Studienreise nach Brüssel

Agrarpädagogik-Projektgruppe organisiert Brüssel-Tour für Studierende

"Euro-Trip 2017"

Auch dieses Jahr organisierte eine Projektgruppe der Agrarpädagogen des 6. Semesters eine Studienreise für die jüngeren Semester der Agrar- und Umweltpädagoginnen und -pädagogen. Erstmals ging die Reise nicht direkt nach Brüssel, sondern führte über Zwischenstopps in Pilsen, Nürnberg und Köln in die Hauptstadt Belgiens.

Pilsen - Bier

Erster Halt war ein lebensmittelverarbeitender Betrieb in Pilsen (CZ). Lebensmittel, die dort verarbeitet werden sind neben Wasser die Gerste, Hopfen und Hefe. Nach einer spannenden Führung durch die Sudhäuser und den Bierkeller gab es eine Verkostung des frisch gebrauten „Pilsner Urquell“. Ausgeklungen ist der Abend mit tschechischen Spezialitäten in der Innenstadt Pilsens.

Nürnberg - Lebkuchen

Am zweiten Tag führe der Weg nach Nürnberg, auf das Gelände der Firma Schmidt, um die Herstellung des berühmten „Nürnberger Lebkuchens“ kennenzulernen und natürlich zu verkosten. 

Köln - Dom

Weiter ging es nach Köln. Prof. Klaus Karpf führte die Gruppe zielstrebig zum Kölner Dom. Nach der „Domführung“ teilte sich die Gruppe, wobei wahrscheinlich niemand dabei war, der das in Köln so berühmte „Kölsch“ nicht probiert hat.

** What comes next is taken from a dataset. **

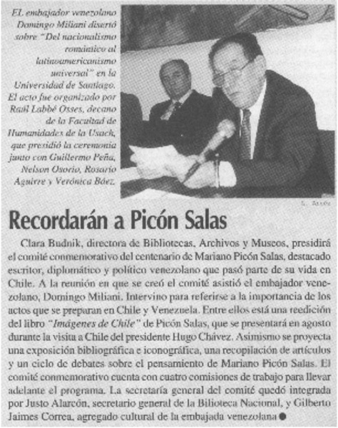 Recordarán a Picón Salas. [artículo]
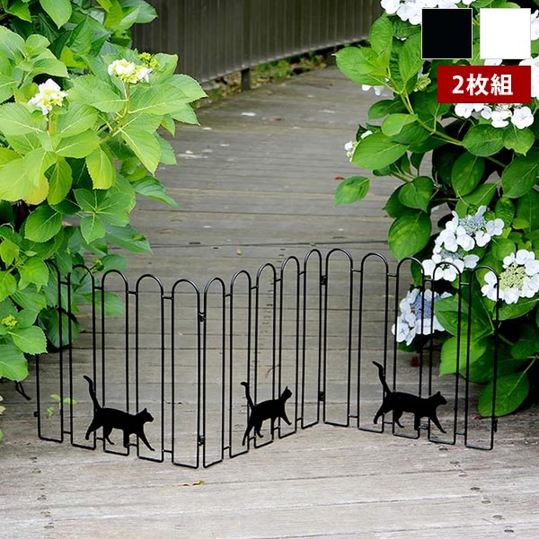 お気に入りのお庭には可愛いフェンスを!置くだけで空間をおしゃれに仕切れる、猫ちゃんデザインのアイアンフェンス。ガーデニング、ガレージ、玄関アプローチ、お庭の間仕切り等に大活躍!折り畳み式なので、使わない時は隙間にシュッと収納できます。サッと広げてサッと畳める三連フェンスはカーポートや車庫、青空駐車場にピッタリです。連結も簡単ではめこむだけでOK。カラーは定番のブラックと気品のあるホワイトの2色からお選びいただけます。

Brüssel - EU-Parlament, Ständige Vertretung, Europäische Kommission

Am dritten Tag kam die Gruppe in Brüssel an.

Als ersten Punkt wurde das EU-Parlament anvisiert. Othmar Karas nahm sich Zeit, um Fragen zum Parlament zu beantworten. Im Anschluss wurde den Teilnehmenden der Plenarsaal, die Übersetzungskabinen sowie die Sitzordnung gezeigt und erklärt.

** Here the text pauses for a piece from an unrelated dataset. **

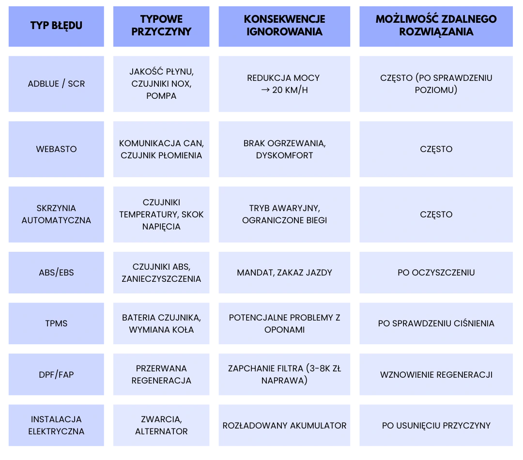 Najczęściej kasowane błędy to: błędy AdBlue (czujnik NOx, czujnik temperatury), błędy DPF (filtr cząstek stałych), błędy czujników (temperatura, ciśnienie), błędy Webasto oraz błędy komunikacji między sterownikami. Wyjątkiem są błędy wymagające fizycznej naprawy lub kalibracji (np. wymiana czujnika ABS).
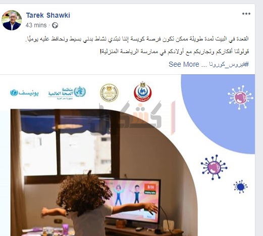 قال الدكتور طارق شوقي وزير التربية والتعليم والتعليم الفني، عبر منشور بموقع التواصل "فيسبوك": إن القعدة في البيت لمدة طويلة ممكن تكون فرصة كويسة إننا نبتدي نشاط بدني بسيط ونحافظ عليه يوميًا.

Anschließend folgte der Termin in der Ständigen Vertretung Österreichs. Der Vortrag fokussierte sich auf die Themen „Umweltrecht“ bzw. „Wie entsteht ein EU-Recht?“.

Im Rahmen des Besuchs bei der Europäischen Kommission wurden zwei Vorträge angehört. Gerade im Bereich der ländlichen Entwicklung wurden viele Querverbindungen zu Österreich geschaffen, um die Themen verständlicher darzustellen.

Städtetour

Auf „Schnitzeljagd“ und Sightseeing-Tour durch Brüssel lernte die Gruppe die Stadt kennen. Eine kleine Gruppe erkundete auch Gent, die zweitgrößte Stadt in Flandern.

Rommersheim - Milchviehbetrieb

Abgeschlossen wurde die Studienreise in Rommersheim (D) beim letzten Exkursionspunkt. Dort wurde der enorm große, sehr gut geführte und saubere Milchviehbetrieb „Meuteshof“ besichtigt. Die ca. 850 Rinder aller Altersgruppen sind in diversen Hallen luxuriös untergebracht. Kaum ein Betrieb dieser Art, den die Teilnehmerinnen und Teilnehmer bisher angesehen haben, konnte einen derartigen Tierkomfort vorweisen, wie es der Meuteshof tat. Auch das neue Melkkarussell war sehr imposant und beeindruckend zu sehen.

Herzlichen Dank an die Hochschule und die ÖH für die finanzielle Unterstützung.